Until my late husband and I went to Vienna to visit galleries, attend concerts and walk the Beethoven trail a few years ago I had never heard of Egon Schiele (1890-1918). He is, of course, huge in Vienna and everywhere we went we saw his work and learned more about him and we were, like many before us, stopped dead in our tracks by the visceral, raw sexuality and truth of his paintings and drawings. It was quite a learning curve.
So who were the women who inspired and modelled for him and enabled the creation of those extraordinary images? And “modelling” in this case almost always means highly explicit nudity. We’re a very long way from the modest robes of, say, the pre-Raphaelites. Enter Sophie Haydock’s 2022 novel The Flames which explores the interwoven stories of Schiele’s mistress/muse, Vally, his sister Gertrude, and Adele and Edith Harms. The latter was Frau Schiele until the couple died of Spanish Flu within days of each other in 1918.
Haydock’s version of the Harms sisters is that Adele was passionately in love with Schiele and devastated by his marrying her sister. Anguish turned her spiteful and in the framing device we see her as an elderly woman at a 1960s Schiele exhibition trying to place her remorse. Haydock gives us an Edith who loves Egon dearly but is a reluctant model. He was, after all, often accused of pornography even as he got better known and more highly regarded. Adele, on the other hand, is only too glad to do anything Egon wants – within the novel, at least.
Walburga Neuzil, whose name Haydock abbreviates to Vally, had also modelled for Klimt, whose protégé Schiele was. As a couple they lived together for several years and she saw him through arrest for indecency and brief imprisonment. Haydock imagines that she has humble origins and that Schiele sees the marriage with Edith Harms as advantageous. Vally certainly isn’t prepared to let him have his cake and eat it and enlists as a nurse in the war where she doesn’t, sadly, last long.
And as for Gertrude, history suggests that there may have been incest – or incestuous inclinations – between her and her older brother.
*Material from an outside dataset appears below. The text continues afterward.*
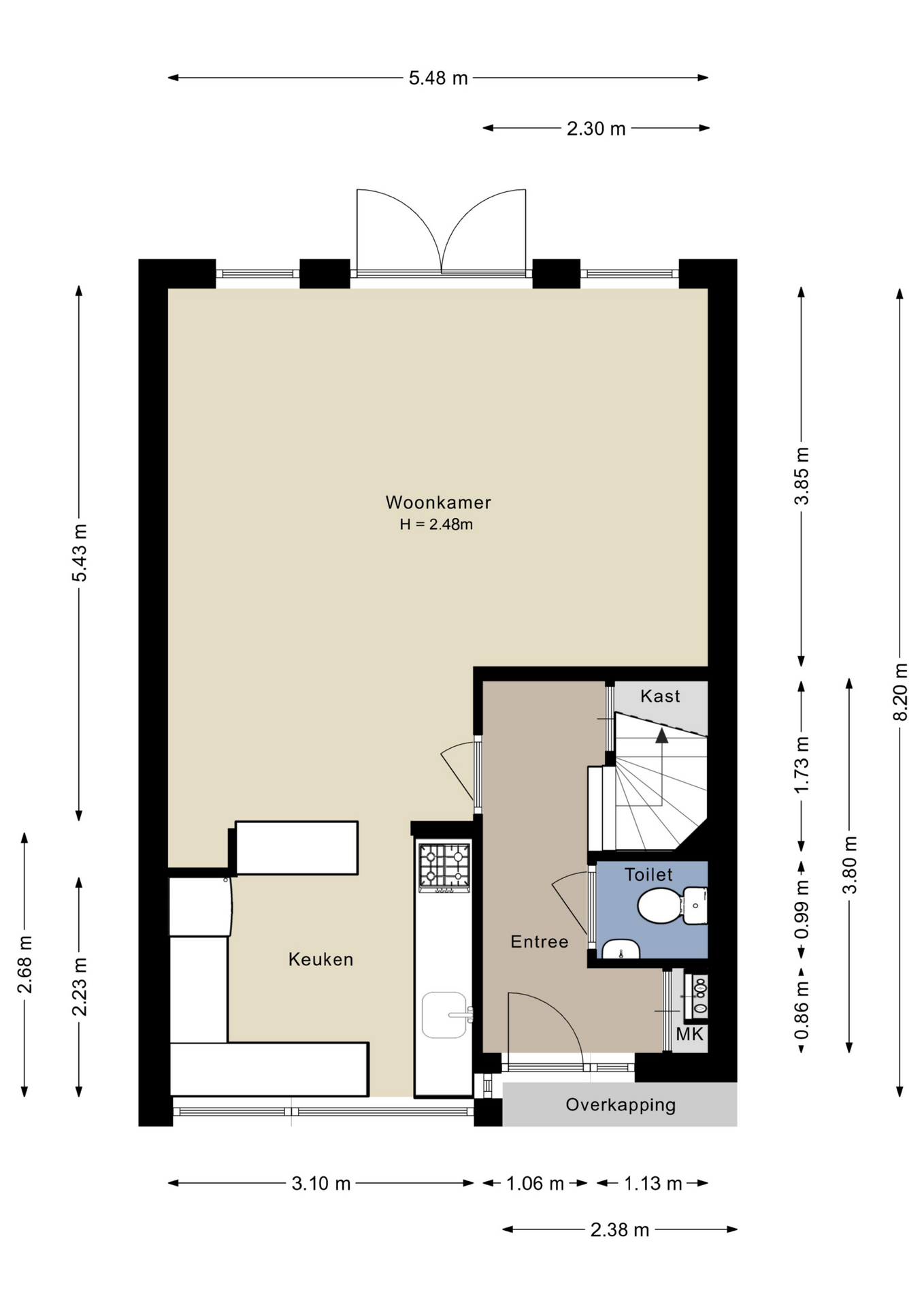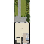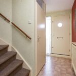 De gang van de woning vormt de verbinding tussen de ruimtes. Hier vind je de meterkast, de toiletruimte voor gemak, en de trapopgang die naar de bovenverdieping leidt. Alles is overzichtelijk en praktisch bereikbaar. Vanuit de gang heb je toegang tot de keuken en de woonkamer.

It is well documented that their father once found them in a locked room and that he destroyed some of Egon’s art. We also know that they ran away and spent a night in a hotel room. Whatever the truth of all this Haydock shows a close relationship which resulted in some graphic art. She eventually married a friend of her brother’s and bore a child.
Of course, as you read this novel you want to see the paintings and drawings, an astonishing number of which have survived. Schiele was only 28 when he died – younger even than Mozart and Schubert. What on earth might he have achieved, had he lived into middle and old age? Haydock includes small illustrations here and there in the novel and you can get a glimpse of many of them simply by Googling. But the novel will probably prompt you to book a trip to the Leopold Museum in Vienna. Cardinal and Nun (Caress), painted in 1912 is one of the most arresting paintings I’ve ever seen, despite the artist’s having toned it down for commercial reasons. Vally was the female model. The male figure is a self portrait.